- Theatrical movie poster
- Directed by: Brillante Ma. Mendoza
- Written by: Brillante Mendoza; Patrick Bancarel; Boots Agbayani Pastor; Arlyn dela Cruz;
- Produced by: Didier Costet
- Starring: Isabelle Huppert
- Cinematography: Odyssey Flores
- Edited by: Yves Deschamps; Kats Serraon;
- Music by: Teresa Barrozo
- Production companies: Swift Entertainment Production; Centerstage Production;
- Distributed by: Star Cinema; (Philippines); Équation Distribution; (France);
- Release dates: February 12, 2012 (Berlin); June 9, 2012 (Mandaluyong); September 5, 2012 (Limited); September 19, 2012 (France); October 12, 2012 (BFI London Film Festival);
- Running time: 122 minutes
- Countries: France; Philippines; Germany; United Kingdom;
- Languages: Filipino; French; English;
- Budget: $1 million
- Box office: $2.2 million

= Captive (2012 film) =

2012 film

Captive is a 2012 action psychological drama-thriller war film directed by Brillante Mendoza and starring Isabelle Huppert. The film was screened in competition at the 62nd Berlin International Film Festival in February 2012.

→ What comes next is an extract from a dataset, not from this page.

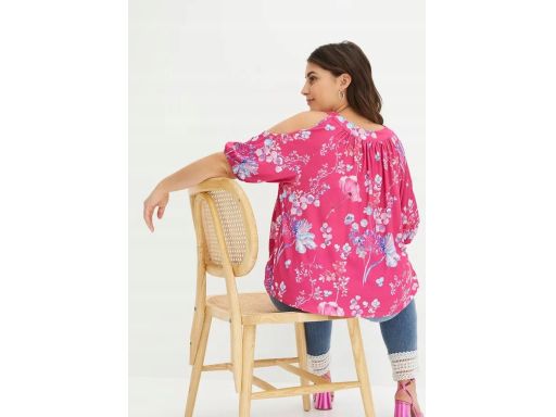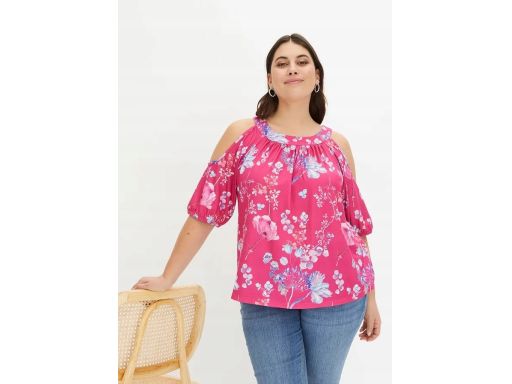 B.P.C różowa bluzka z nadrukiem odkryte ramiona 40/42.

The plot focuses on describing the tortuous life of the hostages of the Dos Palmas kidnappings, whose survivors were freed after a year in captivity.

==Plot==
At a beach resort in the Philippines, 20 guests are kidnapped by an Islamic separatist group fighting for the independence of Mindanao, with French social worker Therese Bourgoine among those taken to a jungle island. Over weeks and months, a strange bond grows between the kidnappers and hostages.

==Cast==
- Isabelle Huppert as Thérèse Bourgoine
- Marc Zanetta as John Bernstein
- Katherine Mulville as Sophie Bernstein
- Maria Isabel Lopez as Marianne Agudo Pineda
- Mercedes Cabral as Emma Policarpio
- Sid Lucero as Abu Mokhif
- Kristoffer King as Jairulle
- Ronnie Lazaro as Abu Azali
- Mon Confiado as Abu Omar
- Raymond Bagatsing as Abu Saiyed
- Angel Aquino as Olive Reyes
- Bernard Palanca as Santi Dizon
- Allan Paule as Fred Siazon
- Archie Adamos as Randy Bardone
- Jelyn Nataly Chong as Jessica Lim
- Nico Antonio as Arnulfo Reyes
- Coco Martin as Abusama
- Neil Ryan Sese as Molazem
- Rustica Carpio as Soledad
- Che Ramos as Joan Corpuz

==Production==
Coco Martin was supposed to have a lead role opposite the film's star Isabelle Huppert. Martin was supposed to play a Marine but had to drop out and settle for a cameo role due to conflicts with his taping schedule for the military fiction Minsan Lang Kita Iibigin.